Indélébiles souvenirs des camps

La Shoah est marquée dans sa chair, pas seulement littéralement. Cet entretien nous permet de réaliser, sinon nous rappeler, à quel point sa déportation à l'adolescence a influencé le restant de son existence, infusé dans tous ses combats.

C'est pour cela que cette époque sombre est au cœur de témoignage - réalisé pour la Fondation pour la Mémoire de la Shoah, c'est un contexte important -, pour cela aussi que Simone Veil y revient toujours, même lorsqu'elle évoque, plus tard au cours de cet échange, sa bataille pour la légalisation de l'avortement en France ou sa détermination pour réconcilier l'Europe.

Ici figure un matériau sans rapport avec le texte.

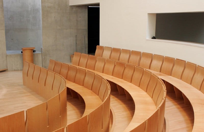 בפרויקט במכון ויצמן, המשתרע על פי 500 מ״ר, נעשה שימוש בשני סוגי מושבים המשתלבים בצורה אחידה בחלל הקיים. האדריכלים זיהו את הפוטנציאל בכסא מינימליסטי ומעוצב המתקפל לממדים דקים. זאת על מנת לייצר חלל אחיד הומוגני באמצעות חומרי גמר זהים. כך, נבחרו כסאות מתקפלים היושבים על שלדה אחת ומורכבים סביב כל היקף האולם, וכסאות ניידים. שני הכסאות זהים מבחינת הגימור שלהם אך שונים לחלוטין באפיונם – מה שעונה הן על דרישות האדריכלים והן על דרישות הלקוח. התוצאה שהתקבלה היא אולם כנסים מפואר ומעוצב להפליא, השומר על אסתטיות אחידה ונוחות מירבית.
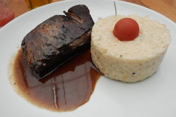 Outra pedida foi a Costela Suína ao molho de vinho tinto servida com risoto de parmesão. O molho super brilhoso e suculento.
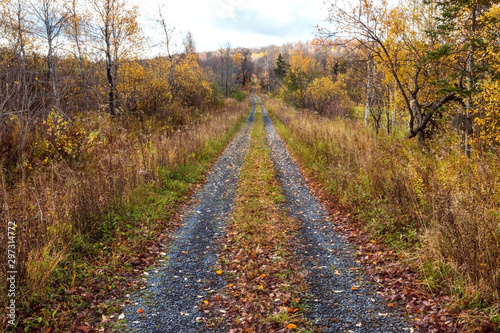 © dg_basiove104, Fototapeta premium road in a fall forest

À Gleiwitz, on s’est retrouvées aussi avec beaucoup d’hommes, alors là c’était un autre chantage. C’étaient les hommes qui vous disent : "On n’a pas vu de femme depuis dix ans".

Parmi les étapes détaillées, les camps traversés au cours des dix-huit mois de déportation, le chapitre sur son arrivée à Gleiwitz, en Pologne, interpelle. "À Gleiwitz, on s’est retrouvées aussi avec beaucoup d’hommes, alors là c’était un autre chantage. C’étaient les hommes qui vous disent : 'On n’a pas vu de femme depuis dix ans.' Bien sûr, c’est toujours la même chose, c’étaient les kapos, les chefs de bloc, les gens qui avaient des responsabilités", révèle la survivante.

Marquée par le silence imposé aux survivants

À son retour de l'indicible, ne pas pouvoir raconter lui fut insupportable. Simone Veil se remémore à quel point les rescapés devaient rester mutiques, se projeter dans l'avenir sans évoquer ce passé si proche et traumatisant.

"Tout de même, le silence, l’incompréhension qui nous ont été imposés, c’était trop lourd, dénonce-t-elle. Je pense que pour nos familles, c’était trop difficile à entendre. Probablement aussi qu’on en parlait avec une telle brutalité sans s’en rendre compte, je ne sais pas…", s'interroge toujours, six décennies plus tard, celle confie aussi avoir perçu dans l'opinion une différence de traitement entre les Résistants et les déportés survivants. 

Plus loin, Simone Veil revient sur l'incompréhension voire la réticence des Français envers leurs concitoyens ex-déportés. Un malaise et des suspicions profondes, qui perdurent, regrette-t-elle.

Le 12 janvier 2005, un an avant cet entretien, la femme politique participait à l'émission Culture et Dépendances dédiée aux commémorations de la libération d'Auschwitz-Birkenau, présentée par Franz-Olivier Giesbert, et diffusée sur France 3. Elle raconte son échange sur ce plateau avec "un petit imbécile", selon ses mots. 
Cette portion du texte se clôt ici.